According to the results, the classification accuracy of this model is still high. Considering the commonness of tool wear in engineering practice, this paper cross-verified the classification of three tool wear periods. Taking the 315 sets of data of the first tool as the training data, and the 315 sets of data of the second tool and the third tool as the test data, the classification accuracy was obtained, as shown in

Table 3. Classification accuracy.

Cutting Tool	Early	Middle	Late
Second	0.8696	0.9200	0.9483
Third	0.9527	0.8824	0.9035

. It can be seen that the accuracy of this model is still relatively high.

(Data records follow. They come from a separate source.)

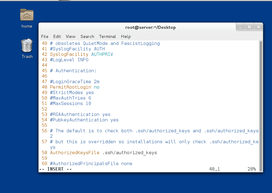 set nu 边上号码,找到48行,将permitRoot 改为no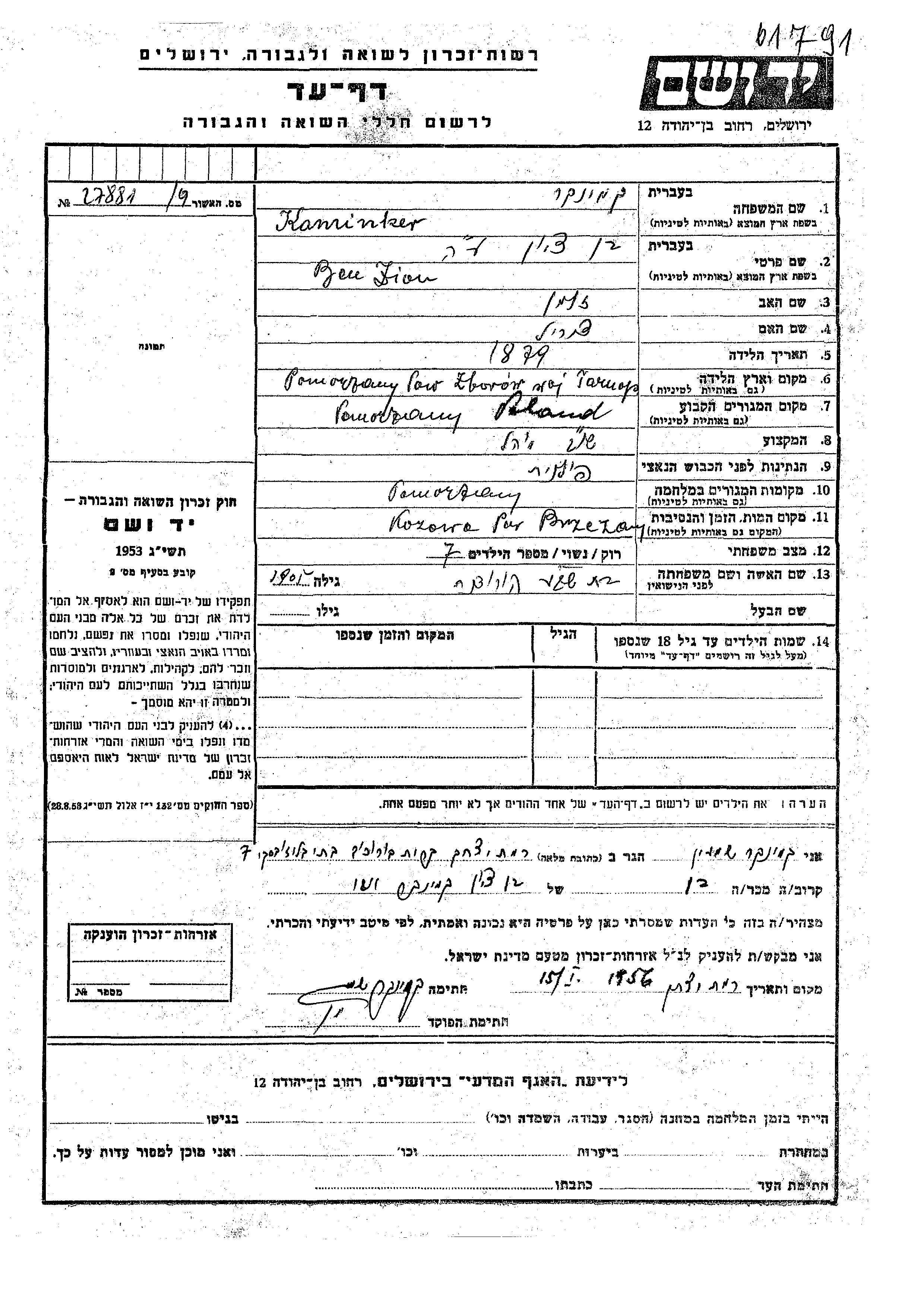 Ben Zion Kaminker wurde im Jahr 1879 in Pomorzany, Polen geboren. Er war der Sohn von Zalman und Tziril. Er war Schächter und fleischbeschauer und mit Batsheva, geb. Horodner Verheiratet. Vor dem Zweiten Weltkrieg lebte er in Pomorzany, Polen. Während des Krieges war er in Pomorzany, Polen.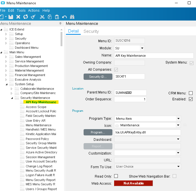 … but the module does not appear to exist when I browse the “Security Maintenance” menu:
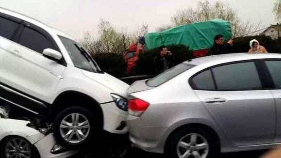南京九车连环相撞 一车被顶起“爬”上车顶

5. Conclusions and Prospects

In the process of production and processing, the accurate prediction of tool life and timely replacement of broken tools can reduce production costs and improve the quality of processed products. Since the data characteristics of different tools are different, it is necessary to identify the current tool types before the tool wear prediction. Aiming at the problem of tool type identification, this paper proposes a tool type identification method based on the spindle current of the machine tool, which mainly contributes to the simplified processing of the spindle current data, which can greatly reduce the amount of data while retaining the characteristics of the current data. In addition, this paper extends the function of AdaBoost to predict tool wear. The tool wear prediction method based on Elman_Adaboost strong predictor can be applied to the milling tool wear data provided by PHM Society. The results show that the precision of the same tool wear evaluation can reach more than 92%, while for similar tools, the accuracy can reach more than 85%. The tool wear evaluation method proposed in this paper is very suitable for workpieces that need to be processed with a variety of tools. It can monitor the tool wear in real time and avoid the damage of workpieces caused by tool breakage or excessive wear or even the production accidents caused by the damage of machine tools. At the same time, it can avoid the machine stop caused by the excessive wear of the cutting tool, so as to improve the utilization rate of the machine tool and the overall production efficiency.

Elman_Adaboost is a neural network. Neural network is a system of multi-input comprehensive fitting output, the final fitting effect depends on the input data, so the processing of the input data is particularly important. In the practical production application, the data collected by the sensor is noisy, which requires good filtering and denoising. For the sensor data denoising under the actual working condition, it will be a direction of our future work. In addition, for tool wear detection, the input data model is also a time series data. RNN (Recurrent Neural Network) network is very suitable for studying neural network with time series data. At present, the most popular RNN Network–LSTM network should have a good effect on tool wear prediction. According to the method proposed in this paper, the LSTM_AdaBoost deep neural network model can be established for further study.